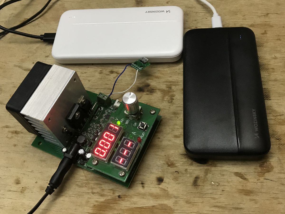 Teraz pora zmierzyć pojemność. Potrzebne jest najpierw jednak standardowe przypomnienie - producenci podają zazwyczaj pojemność ogniw, więc na wyjściu 5V (też za przetwornicą) jak wykonamy pomiar to otrzymamy rezultaty które najpierw trzeba przeliczyć.
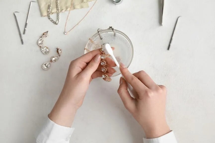 - Украшения: положить фольгу в ёмкость, залить горячей водой, добавить 1 ст. л. соды, опустить изделие на 10–15 минут, промыть и вытереть мягкой тканью.
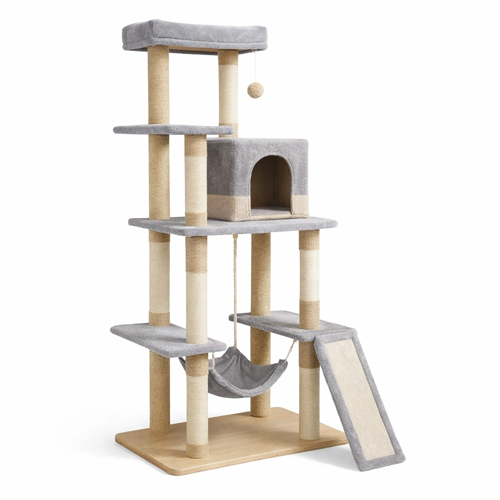 Kratzbaum Plüsch Sisal Holz Grau
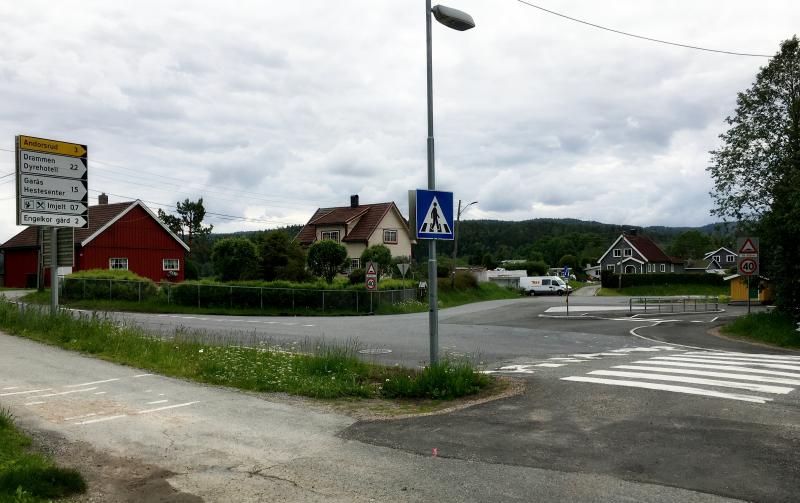 Her tar Andorsrudveien av fra Jarlsbergveien. Andorsrudveien starter her mot høyre på bildet. Tekst: Torill Juel

EXERCISE AIM: Output all of the data exactly. Skip the pictures.

ANSWER SECTION:
 Teraz pora zmierzyć pojemność. Potrzebne jest najpierw jednak standardowe przypomnienie - producenci podają zazwyczaj pojemność ogniw, więc na wyjściu 5V (też za przetwornicą) jak wykonamy pomiar to otrzymamy rezultaty które najpierw trzeba przeliczyć.
 - Украшения: положить фольгу в ёмкость, залить горячей водой, добавить 1 ст. л. соды, опустить изделие на 10–15 минут, промыть и вытереть мягкой тканью.
 Kratzbaum Plüsch Sisal Holz Grau
 Her tar Andorsrudveien av fra Jarlsbergveien. Andorsrudveien starter her mot høyre på bildet. Tekst: Torill Juel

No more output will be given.